Während Prozentbänder, so etwa ein Band von +/–10%, die Bewegungen des gleitenden Durchschnitts «eins zu eins» mitmachen, verändert sich die Bandbreite der von John Bollinger in den 1980er-Jahren entwickelten Bollinger-Bänder laufend. Massgebend ist die doppelte Standardabweichung auf der Basis der absoluten Kursentwicklung über eine bestimmte Zeitperiode (z.B. 20, 50 oder 200 Tage). Legt der Basiswertkurs mehr und mehr zu, verengt sich das Band, gibt der Basiswert stark und stärker nach, weitet sich das Band aus.
Berührt der Basiswertkurs das obere bzw. das untere Band, wird dies als Überdehnung interpretiert. Das Investment gilt als überkauft (oberes Band) bzw. als überverkauft (unteres Band). Wenn der Kurs am unteren Band abprallt und die Durchschnittslinie durchbricht, wird das obere Band zum Kursziel nach oben. Schlägt der Kurs am oberen Band an und durchstösst die Durchschnittslinie von oben nach unten, wird das untere Band zum Kursziel nach unten.
Zizers, 13. August 2024
Fibonacci-Retracement-Levels werden in der Technischen Analyse verwendet, um Unterstützungs- und Widerstandspunkte zu orten. Grundidee ist die simple Feststellung, dass auf jeden Aufwärtstrend (Bullenmarkt) und jeden Abwärtstrend (Bärenmarkt) über kurz oder lang eine Gegenbewegung (Korrektur) folgt. Um das Ausmass dieser Gegenbewegungen abzuschätzen, greifen Techniker gerne auf die Fibonacci-Zahlenreihe zurück. Begründer dieser Zahlenreihe ist Leonardo Pisano (ca. 1170 bis ca. 1240), genannt Fibonacci, der wohl bedeutendste Mathematiker des Mittelalters.

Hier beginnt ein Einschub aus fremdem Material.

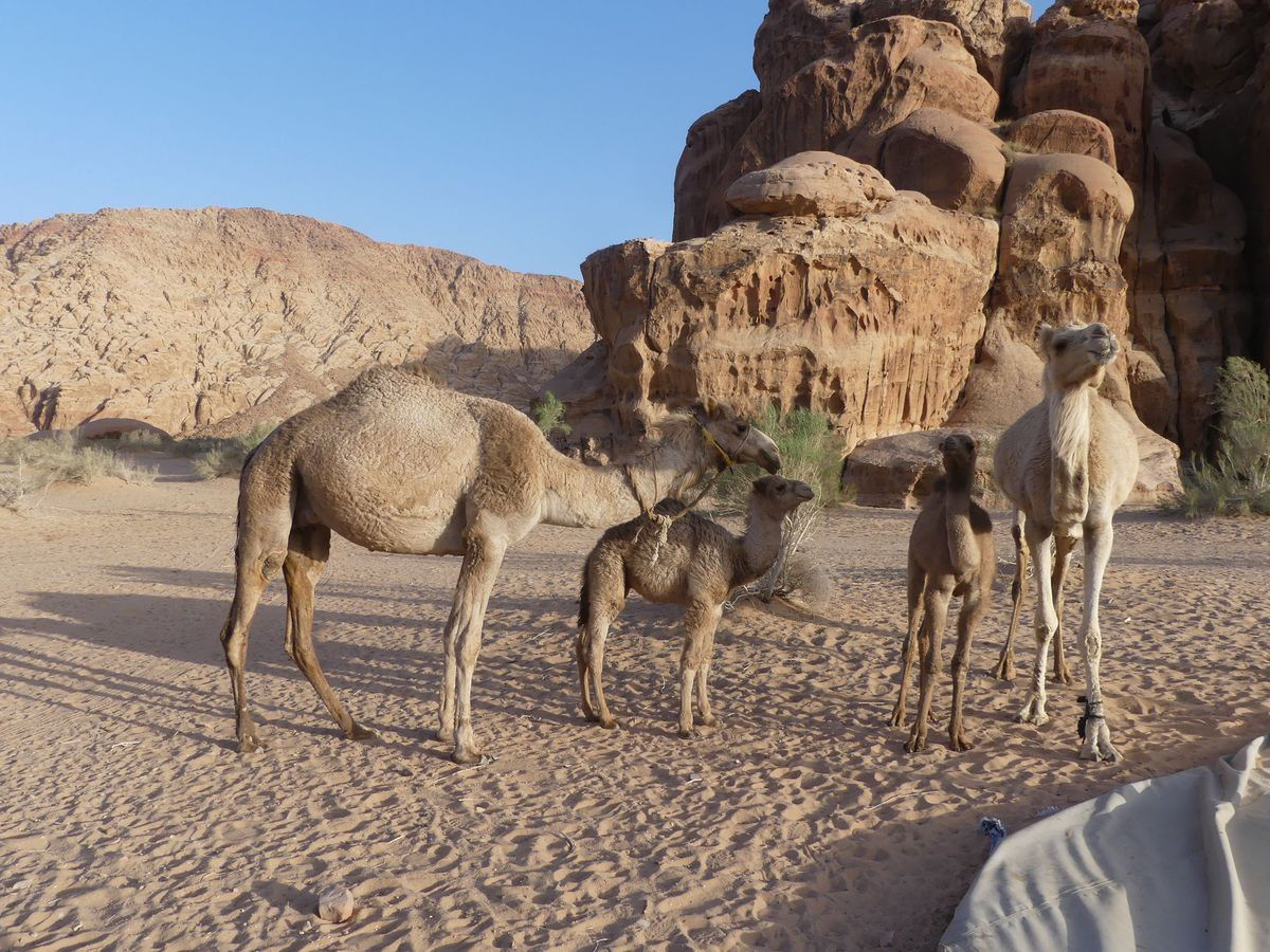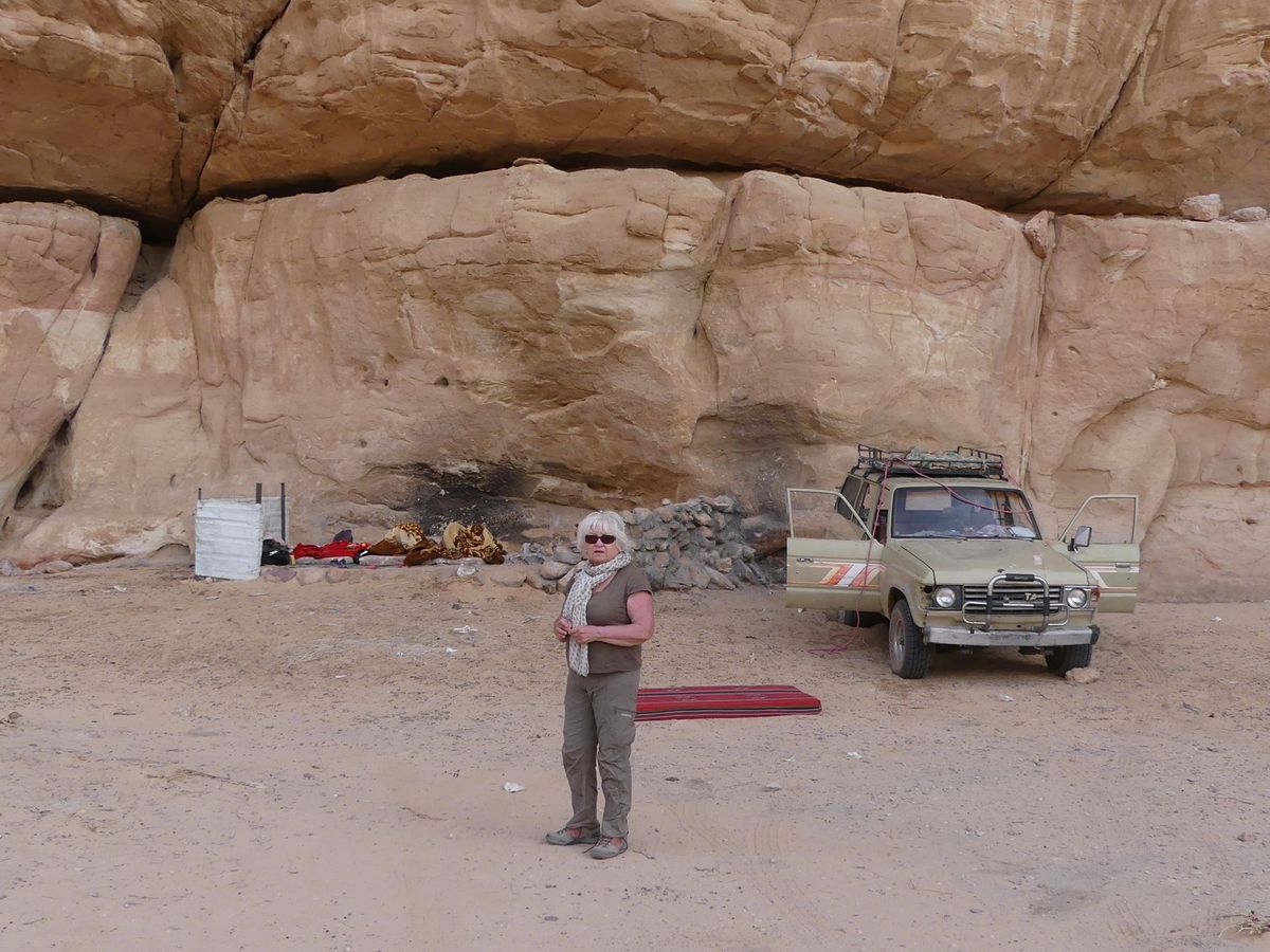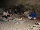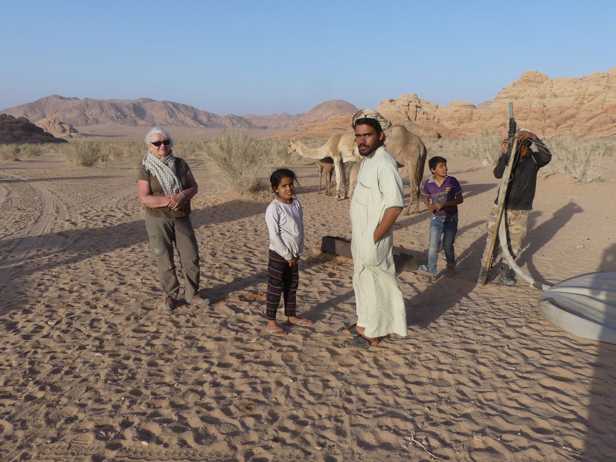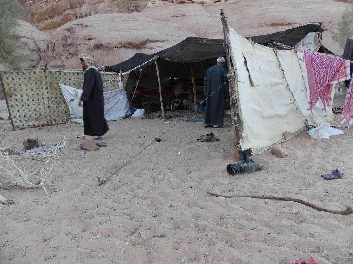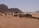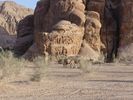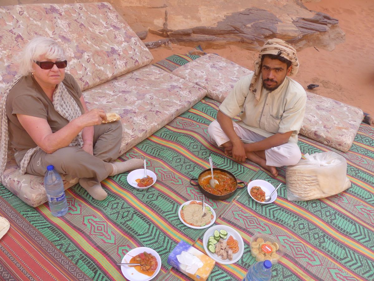 Après avoir passé deux journées à PETRA nous reprenons la route vers le sud dans le but de passer trois jours avec des bédouins qui nous feront découvrir le désert du Wadi Rum. Notre chauffeur-guide est Mohammed, il nous conduit à différents endroits pour nous montrer une source, une dune, un cañon... A chaque fois une tente de bédouin nous accueille pour nous offrir un thé, mais bien sûr nous ne sommes pas les seuls. Arrive l'heure du déjeuner : Mohammed s'arrête à l'ombre d'une falaise, déballe de son 4x4 tapis, matelas et entreprend de préparer le repas que nous apprécions. Il nous propose ensuite de faire une marche, de 2, 3 ou 4 heures. Il fait trop chaud pour nous. Alors nous choisissons de faire une bonne sieste. Nous consentons à faire une petite marche d'une demi-heure. Il a compris qu'il ne nous ferait pas marcher par cette chaleur et très honnêtement nous explique que si nous nous contentons d'une visite en 4x4 un jour suffira (alors que nous en avions réservé trois). L'affaire est conclue et nous poursuivons la visite pour atteindre en fin d'après-midi le campement de ses parents. Ils vivent sous tente (très sommaire) avec au moins quatre de leurs onze enfants, leurs chèvres, leurs moutons et leurs chamelles. Nous dînerons avec eux : ils ont tué un chevreau qui a cuit plusieurs heures sur des braises enfouies dans le sable, le couvercle de la marmite étant recouvert de sable. Nous avons beaucoup apprécié. Le repas terminé, le dernier thé bu, nous sommes partis dans la nuit pour trouver un bon endroit pour dormir : au pied d'une falaise qui nous abritait du vent. Il a redéballé tapis et matelas, fait un feu pour du thé Entre-temps deux jeunes français nous avaient rejoints avec leur guide. Nous avons bavardé autour du feu puis chacun s'est allongé sur un matelas sous une couverture épaisse. Le ciel était très lumineux et la Voie Lactée bien visible. Nous avons bien dormi. Le lendemain Mohammed nous a ramenés à notre voiture qui était restée au village.

Die Fibonacci-Zahlenreihe beginnt wie folgt: 1, 1, 2, 3, 5, 8, 13, 21, 34, 55, 89, 144, usw. Dabei gilt: 1+1=2, 1+2=3, 2+3=5, 3+5=8, 5+8=13, 8+13=21, 13+21=34, usw. Das Besondere an dieser Zahlenfolge ist, dass sie mit einem praktisch konstanten Faktor von 1.618 wächst (21÷13=1.615, 89÷55 =1.618, 144÷89=1.618, 233÷144=1.618, usw.). Auch die Division der kleineren durch die grössere Zahl ergibt einen praktisch konstanten Wert von 0.618 (55÷89= 0.618, 89÷144=0.618, usw.). Teilt man eine Fibonacci-Zahl durch die vorletzte (z.B. 144÷55), rechnet sich jeweils ein Wert von ziemlich genau 2.618. Der reziproke Wert davon ist 0.382 (z.B. 55÷144).
Das Ausmass der Korrekturen nach einem Aufwärtstrend (siehe das Diagramm mit den Fibonacci-Retracements) wird wie folgt bestimmt: H – (H – L) x Fibonacci-Verhältniszahl. H steht für das zwischenzeitliche Höchst und L für das zwischenzeitliche Tiefst. Oft verwendete Fibonacci-Verhältniszahlen sind 0.382, 0.500 (als Zwischenwert) und 0.618.
Bestimmt man für den Swiss Performance Index (SPI) das jüngste Höchst mit 16'484.31 und das letzte Tiefst mit 14'455.60 Punkten, ergibt sich das Retracement-Level bei einer Verhältniszahl von 0.618 wie folgt: 16'484.31 – (16'484.31 – 14'455.60) x 0.618) = 15'230.57. Die Retracement-Levels bei einer Verhältniszahl von 0.500 bzw. 0.764 sind 15'469.96 bzw. 14'934.58.
Das 50%-Niveau gilt als eines der wichtigsten Niveaus. Wird es durchbrochen, ist mit einer Fortsetzung des Auf- bzw. Abwärtstrends zu rechnen.